Down the stretch they come!

By ANNE KAZMIERCZAK
Register Reporter

Like any athlete looking to a big event, participants in Allen County Fair’s fabled dryland turtle race begin preparing months in advance.
However, you won’t find them running treadmills or climbing stairs. Instead these exuberant racers are off to the fields, in search of dryland turtles.
The predominant species in the race was Kansas’ own state reptile, the ornate box turtle. One wood turtle, more properly called a three-toed box turtle, also was an entrant.
Becky Robb, supervisor of the baby barn, said her family starts gathering all the turtles they find “about April, and we keep them for this because a lot of kids can’t find turtles and this way they get to take part in the fun.”
Fun it was. Adults and youngsters alike smiled and cheered as the ready racers scuttled from their starting pen onto blazing hot as-phalt.
The heat was a concern to fair board member Johnny Womack, who got down on the surface to see just how hot it was.
“Then I realized turtles live on hot sand and rocks, so I figured it was okay,” he said.
Indeed, the impetus to move for these local reptiles may have been the similarity in surface to all those roads that turtles cross. Roadways, it turns out, were the most common spot for turtle hunters to find their prey. The other spot was neighborhood fields.
Five-year-old Brett Willis said, “I found one on the road and one on the farm on the rocks.” He brought one turtle with him to the race, “but the other one crawled on the grass fast.”
His dad, Dan, said they had to do some online research to learn what to feed the turtles.
They learned they like vegetation and insects. “We’ve been feeding him strawberries,” Brett said.
The Willises also learned how to sex the turtles: males have red eyes, while females eyes are dark.
Brennen Nuessen’s turtle likes peppers and bananas, he said. He also got a Pop-Tart before the race. But “we didn’t train him or anything like that,” Brennen said.
Brennen’s family has been participating in turtle races “since we were kids,” his uncle, Michael Clark, said.
Brennen’s mom, Brandi Grisier, was more specific. “We started when I was four. I’m 24 now,” she said.
When Clark outgrew racing, he began volunteering at the fair.

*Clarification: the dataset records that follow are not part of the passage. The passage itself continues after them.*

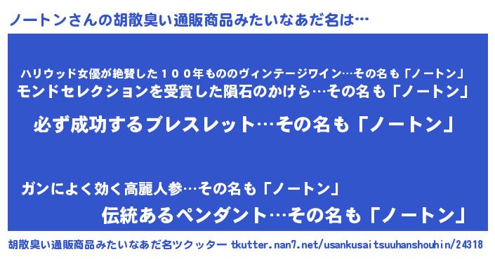 | 男性向けラノベタイトル風あだ名 | 『ノートンの憂鬱』『魔弾の王とノートン』 |
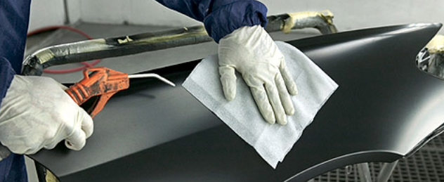Cleaning panels for paint is a big step to achieve success and clean paint work. If there’s a contaminant such as dirt, dust, grease or over spray on a new part, that flaw will show up in the final results. Any dirt or dust that finds its way into your paint will need to be sanded and buffed once the clear coat has cured. In an auto body shop, “denibbing” paintwork is a nightmare for any painter. Simply put, this process takes a lot of time, and time is one thing all auto body painters don’t have. To get the best result, make sure the panel you’re painting is properly cleaned with wax and grease remover.
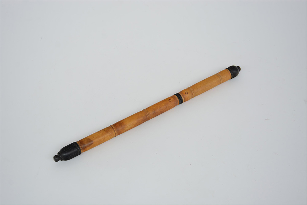 Piccolo bastone in legno di bosso con terminali e riporti in ebano, celante...
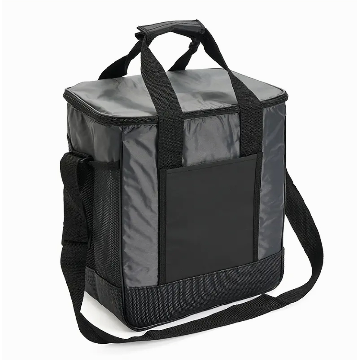 Cooler con doble asa y correa regulable. Está confeccionado en tela 70D, con interior de aluminio y espuma PE. Cuenta con compartimiento principal con cierre, bolsillo frontal y dos asas superiores reforzadas. Es ideal para conservar alimentos y bebidas en salidas o traslados.
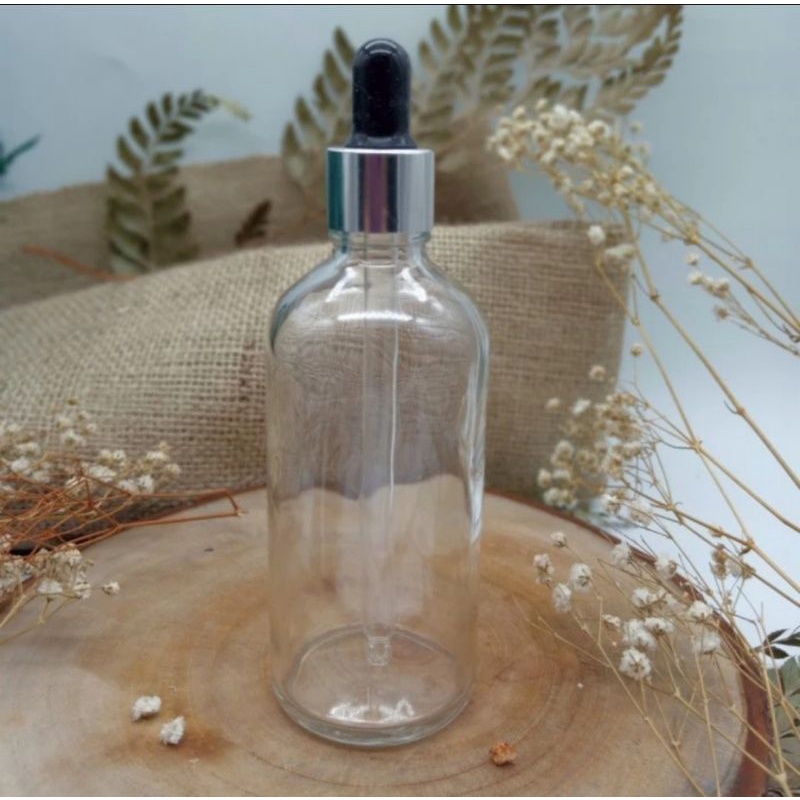 Botol 100ml Kaca Botol Pipet Kaca 100ml Bening Botol Kaca 100ml Ring Gold Karet Putih Ring Silver Karet Hitam
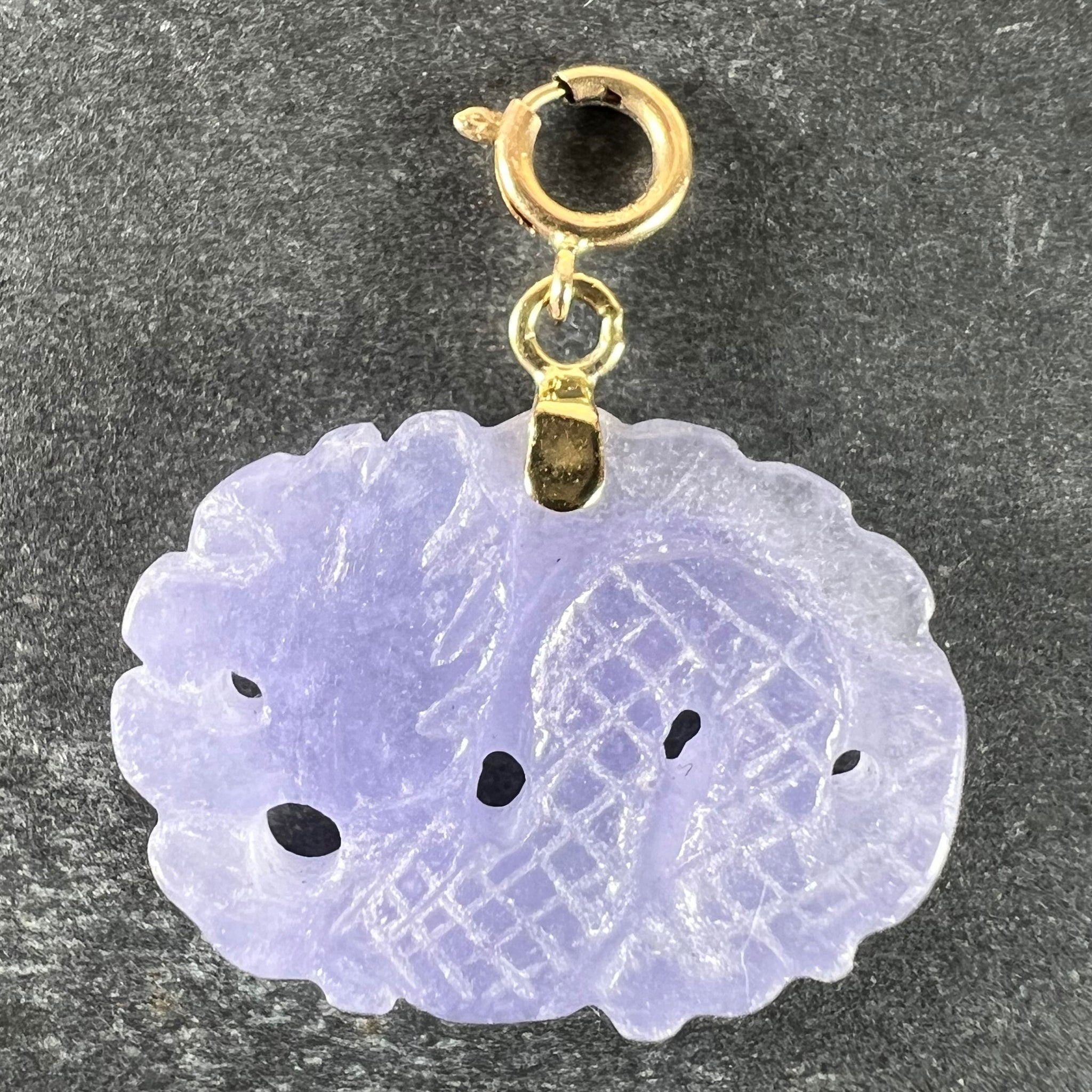 A vintage 14 karat (14K) yellow gold charm pendant designed as a carved lavender jade dragon. Stamped 585 for 14 karat gold to the spring ring.
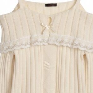 Cream ribbed knit sweater with off-the-shoulder design. Delicate white lace trim adorns the neckline and cuffs. Features thin spaghetti straps and a small decorative bow at the center front. A charming piece perfect for a romantic brunch or a cozy evening out.
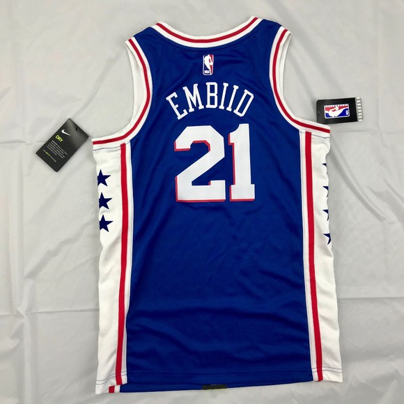 Fanatics Branded Joel Embiid Philadelphia 76ers Red Fast Break Replica Player Jersey - Statement Edition. Browse Philadelphia 76ers Store for the latest 76ers tshirts long sleeves tank tops and more for men women and kids. Weve got Joel Embiid Tee in styles that will help you rally your team to victory at the next Philadelphia game. Philadelphia 76ers Joel Embiid T-Shirts at the Official Online Store of the 76ers. Embiid dx shirt with the main component is 4-way stretch cotton fabric super durable super cool very good sweat absorption no shrinkage thick and not secret. Especially high-grade special ink does not color does not peel. An oversized T-shirt made from 100 organic cotton jersey.
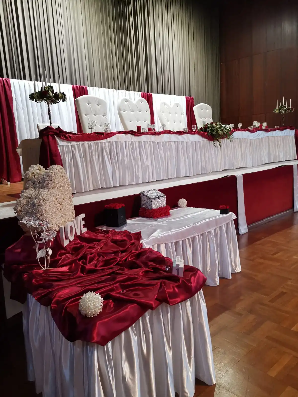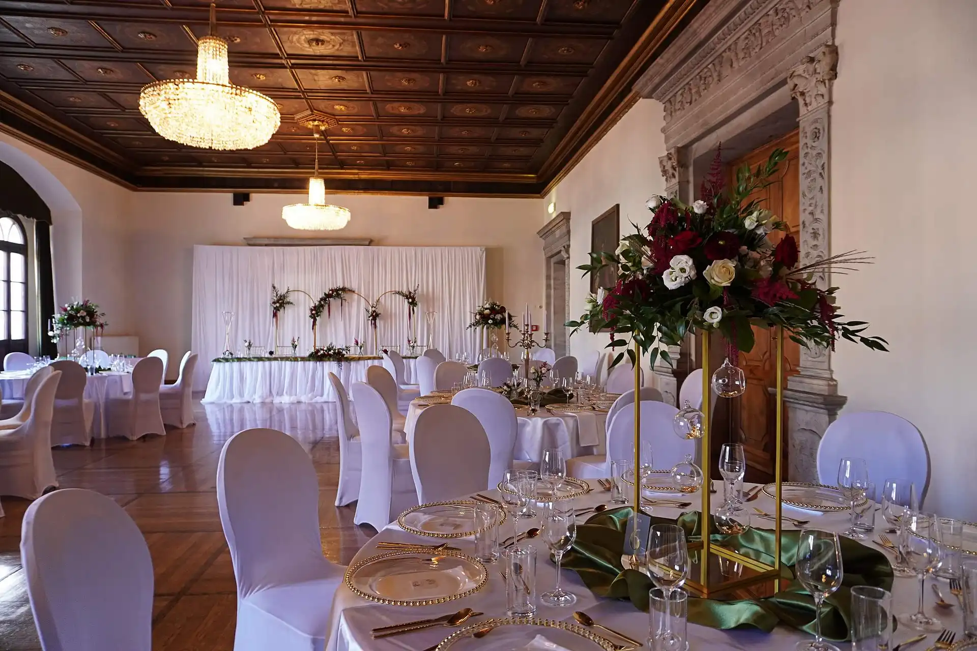 Für dieses glückliche Paar stand die Farbe der Liebe im Mittelpunkt ihrer Hochzeit. Der Brauttisch in Bordeaux strahlt pure Eleganz und Romantik aus, während der beeindruckende 6 Meter lange rote Hintergrund dem Ambiente eine kraftvolle, charaktervolle Tiefe verleiht. Jedes Detail dieses Arrangements unterstreicht die Leidenschaft und Wärme, die diesen besonderen Tag so unvergesslich machen. Ein Brauttisch, der nicht nur durch seine edle Farbgebung besticht, sondern auch durch seinen ausdrucksstarken Präsenz.

Katie Robb also is a turtle race volunteer. She said people have their own superstitions about which turtles move fastest.
“Some people like smaller turtles because they think they go faster,” she said. “We’ve had them enter a baby that was the size of a quarter.”
The race, sponsored by Mid-West Fertilizer, gave cash awards for the top three placers in three age classes, and a medal to the overall champion box turtle.
Dillon Slaven won first in the one- to six-year-old category, Colton Eck in the seven- to 10-year-old category and Kolbyn Allen took first among 11- to 14-year-olds.
Colton ECU’s turtle was the grand champion.